In the [Introductory Tutorial](Pythagoras_caching_introductory_tutorial.ipynb)
we reviewed the basic scenarious
of using Pythagoras for persisting caching. We demonstrated how Pythagoras can
speed up functions that take basic datatypes as their arguments.

But what if you want to cache a function which needs to work with a custom class?
Or, what if you need to cache a method of a custom class?
Pythagoras offers several extensibility mechanisms to address such cases.
These mechanisms will be explained below.

In [1]:
import numpy as np
import pandas as pd
import sys
import time
import logging

np.random.seed(42)

## Your Custom Classes

### A Naive Example

In [2]:
# Suppose, you have a class in your program which stores a US address:

class USAddress:
    street_address: str
    city: str
    zip_code: int
    state: str

    def __init__(self
            ,street_address: str
            , city: str
            , zip_code: int
            , state: str) -> None:
        self.street_address = street_address
        self.city = city
        self.zip_code = zip_code
        self.state = state

In [3]:
# Now, let's create a function which takes an instance of the class USAddress 
# as an argument, and let's PickleCache this function

from pythagoras import * # this is the library which will provide us with the
                         # advanced caching tools

my_cache_obj = PickleCache(
    cache_dir = "./pickle_cache_files" # Here Pythagoras will store cached data
    )

@my_cache_obj
def slowly_check_if_California(an_address:USAddress) -> bool:
    state_name = an_address.state.upper()
    time.sleep(3)
    if state_name == "CA" or state_name == "CALIFORNIA":
        return True
    else:
        return False





In [4]:
an_address = USAddress("1024 Lytton Ave", "Palo Alto", 94301, "CA")
slowly_check_if_California(an_address)



True

As you can see above, PickleCache did not know how to deal with your new class, so it generated an error.

How to fix it?

### Two _repr() methods

If you want PickleCache to be able to deal with your new class, you must implement 2 methods in the class:

        fingerpint_repr(self, fprepr_builder: FingerprintReprBuilder) -> str

        slim_repr(self, srepr_builder: SlimReprBuilder) -> str

The first method must return a unique text string. If two objects hold different values,
their **fingerpint_repr()** methods should return different strings. It's a digital fingerpint of your object.

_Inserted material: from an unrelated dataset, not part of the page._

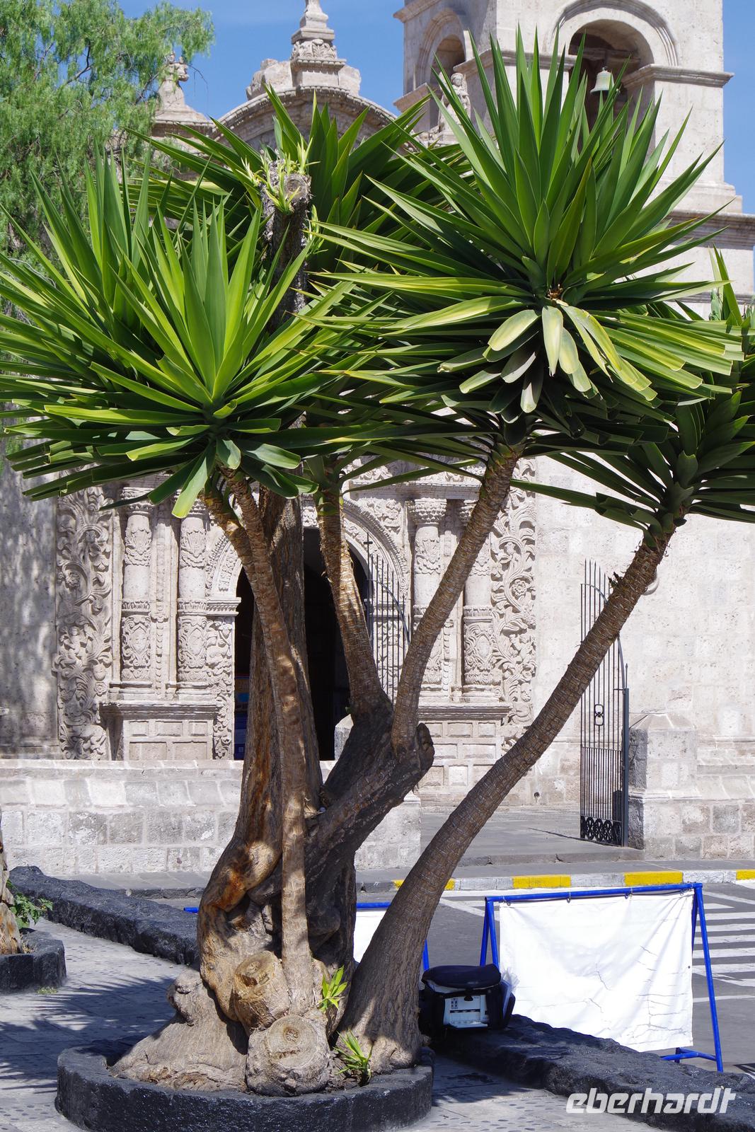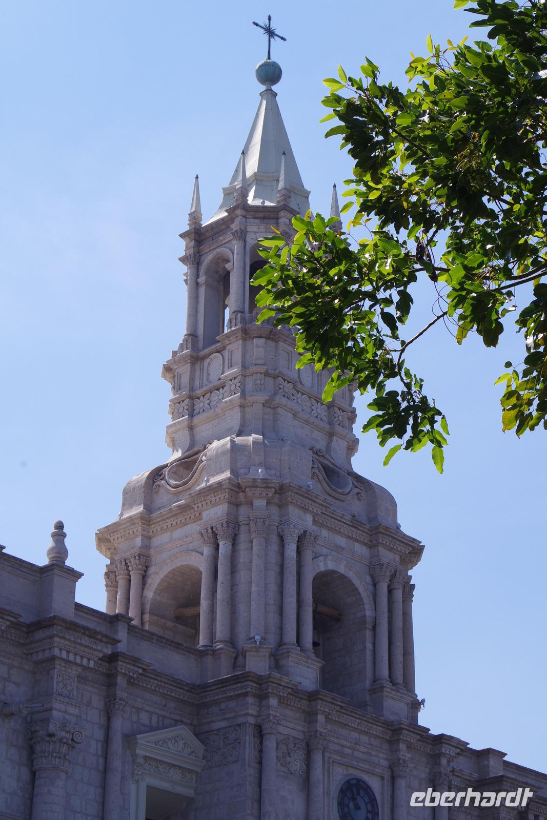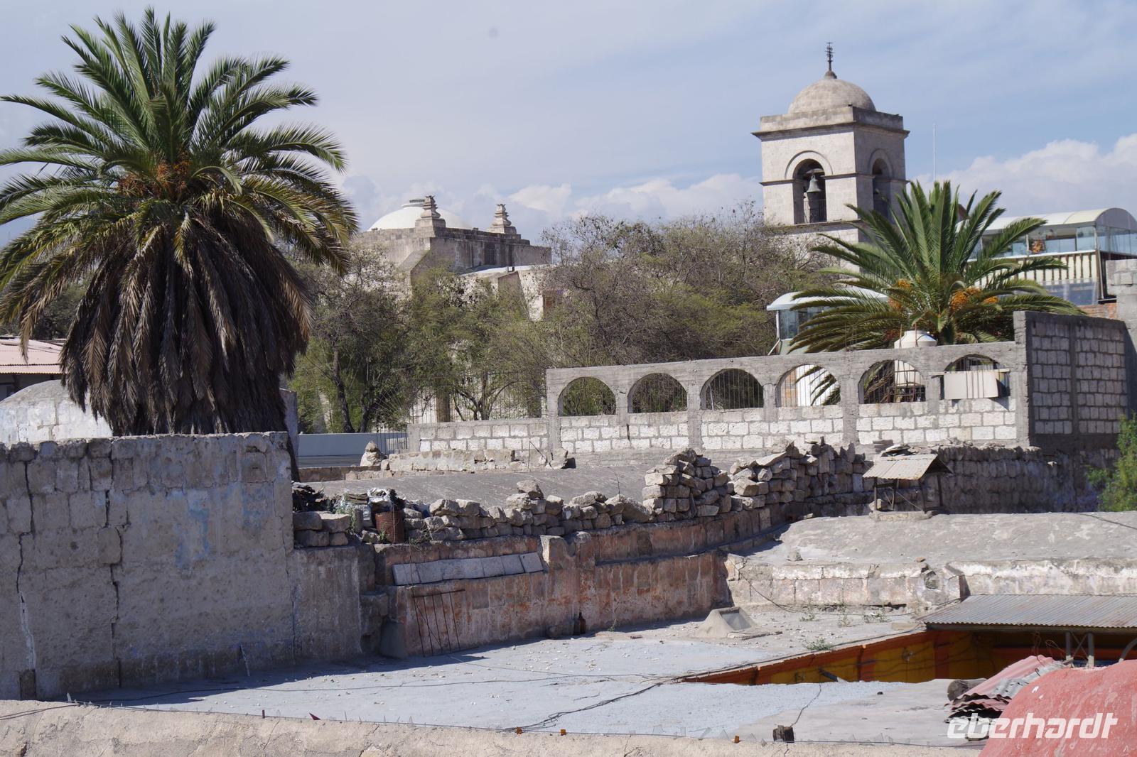 Von dort aus war es nicht weit bis das Stadtzentrum. Wir sahen uns dann die Kathedrale am Plaza de Armas an, welche durch Erdbeben schon mehrmals eingestürzt war, jedoch immer wieder aufgebaut wurde. Sie erstreckt sich über die gesamte Länge des Plaza de Armas und besteht aus weißem Gestein, welches vulkanischen Ursprung hat. Des Weiteren ist die Kathedrale der Sitz des Erzbischofs.

The second method must return short human-readable string. If two objects hold different values,
their **slim_repr()** methods may (or may not) return the same string. It's a concise text summary of the object.

* **fingerpint_repr()** returns UNIQUE  string, not necessarily short and not necessarily human-readable.
* **slim_repr()** returns SHORT and HUMAN-READABLE string, not necessarily unique.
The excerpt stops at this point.